Using science to reduce the effects of future natural hazards such as floods, droughts and earthquakes must be stepped up aa new Foresight report published today.

This was published under the 2010 to 2015 Conservative and Liberal Democrat coalition government

The use of science to reduce the effects of future natural hazards such as floods, droughts and earthquakes must be stepped up and adopted more widely according to a ****new Foresight report published today**.**

It sets out how lives, livelihoods and resources could be saved through better use of technological developments and existing risk assessment methods.

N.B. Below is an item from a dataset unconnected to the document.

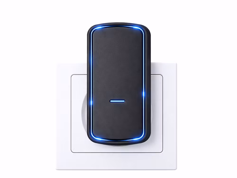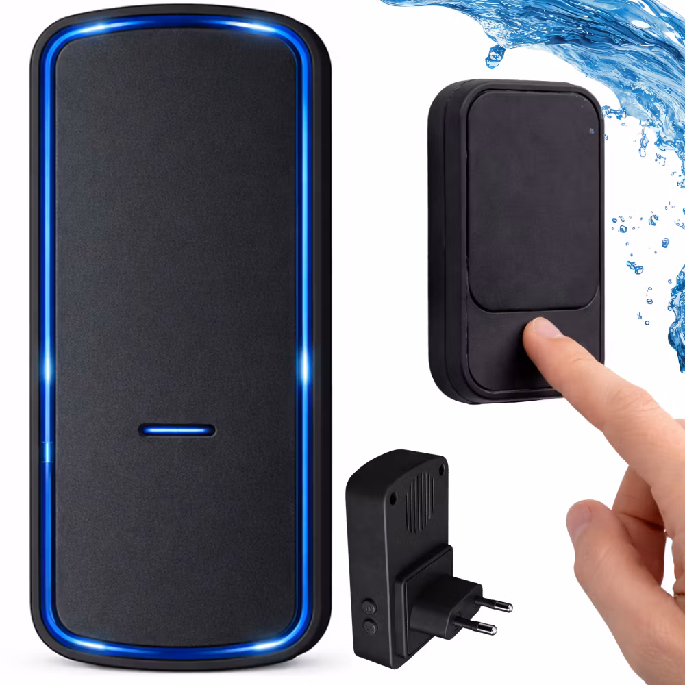 Moderne trådløs dørklokke uden batteri. 130 m rækkevidde, 38 melodier, LED-signal og IP68 vandtæt design. Nem installation.

The report also urges that disaster risk reduction is routinely built in to developments as diverse as urban infrastructure, ecosystem protection and mobile telephone regulation. These measures would help reduce the cost of disasters, which has outstripped the total international aid investment over the past 20 years and led to the loss of 1.3 million lives and $2 trillion of damage.

Government Chief Science Adviser Sir John Beddington, who led the research, said:

“Death and destruction are not the inevitable consequences of natural hazards. We need to grasp this. Urbanisation over the next three decades, particularly in Africa and Asia, will continue. While this could lead to greater exposure and vulnerability, it also presents the greatest opportunity to protect large concentrations of people.

“Science already explains why disasters happen, where many of the risks lie and sometimes when. Disaster risk reduction going forward needs to be firmly rooted in high quality science-based models so that the best decisions on what works can be made.

“Further, change on a more fundamental level is required so that policy makers beyond the traditional boundaries recognise they have a part to play.”

The report outlines a number of priorities for decision makers on improving the science and how it is used in disaster risk reduction, including:

  • Understanding what works and what does not work in reducing risks is critical. Easily accessed, robust evidence on costs and benefits is badly needed
  • Like the insurance industry, the view of the future needs to be rooted in science based risk models. Research effort is needed to make models of disaster risk work with each other and produce easy to use forecasts of disaster risk
  • The next generation of supercomputers and satellites will greatly strengthen disaster forecasting.  International collaboration could make this expensive scientific infrastructure affordable.

Secretary of State for International Development, Justine Greening said:

“Natural disasters hit those in the developing world particularly hard. But the developed world is not immune, as we saw with Hurricane Sandy in the US and the Caribbean last month.

“Resilience is about boosting a country’s ability to deal with disasters- whether it is helping people in earthquake zones build to withstand shocks or helping poor farmers to grow drought-resistant crops. Reducing the impact of natural disasters saves money, lives and livelihoods, especially in developing countries.”